Se olharmos com suficiente atenção para qualquer coisa da vida corremos sérios riscos de deparar com a fatal realidade da sua futilidade. Quando a própria vida é intrinsecamente inconsequente (pelo menos para as mentes inteligentes, modestas e corajosas que admitem não estar cá “por uma razão”) é quase paradoxal encontrar alguma acção com sentido! Mas então o que nos impede de viver superficialmente, comida, sexo e almofada, ou até mesmo de cometer o suicídio? Afinal vamos todos morrer na mesma…
A questão é que, apesar de inconsequente, a vida é mesmo muito boa! Ou pode ser, se seguirmos uma determinada linha filosófica personalizada. E por mais que os percursos que trazem felicidade a cada indivíduo se distingam conforme a genética pessoal, convergem sempre na mesma linha comum: o amor. Estou plenamente convencido de que qualquer vida desprovida de vertente amorosa é necessariamente cinzenta e aborrecida, levando o utilizador a um estado de insatisfação que o impede de usufruir adequadamente das restantes maravilhas da sua existência.
Dito isto, torna-se clara a razão pela qual cada vez mais pessoas põem a sua vida amorosa acima das amizades ou até da carreira profissional. E é apenas legítimo que assim seja! Diria mesmo que aqueles extraviados que se habituam a um estado de solidão sentimental entram numa situação psicologicamente perigosa que está assustadoramente próxima da degeneração em depressões profundas. Por outro lado, nunca conheci um romântico incurável que fosse infeliz! Acontece ficarem tristes, mas a tristeza é uma emoção passageira; a sua vida é sempre pautada por linhas berrantes de felicidade!
Façam o que entenderem quanto às opções pessoais de vida que vos trazem felicidade, matem ou salvem, pintem ou escrevam, gritem ou cantem, mas vivam sempre em função do amor! Porque não é qualquer sonho que comanda a vida, é preciso ser um sonho assim tão bom. E com o sonho do amor não conseguimos dar significado à totalidade da existência universal, mas damos significado aos cinco minutos em que cá estivemos.

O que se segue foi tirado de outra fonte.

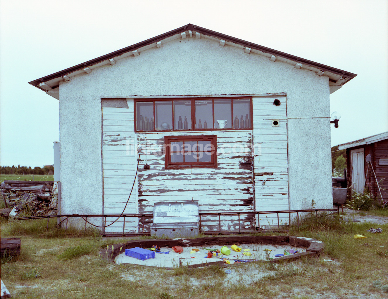 house, cottage, backyard, window, white, yard, sandbox, play, evening, façade, exterior, bk1111

terça-feira, dezembro 21, 2004

Serial Experiments: Lain


Descascar o quoutidiano e explorar os perturbadores motivos dos acontecimentos... Desde a natureza humana às regras do Universo, tudo pode ser teorizado à exaustão e destituído de incertezas e acasos probabilísticos.
Escrevo estes textos relacionando os escassos conhecimentos empíricos que tenho de vivências passadas com racicínios simples, na pueril esperança de viajar nos estudos humanos e de nos conhecer a todos um bocadinho melhor.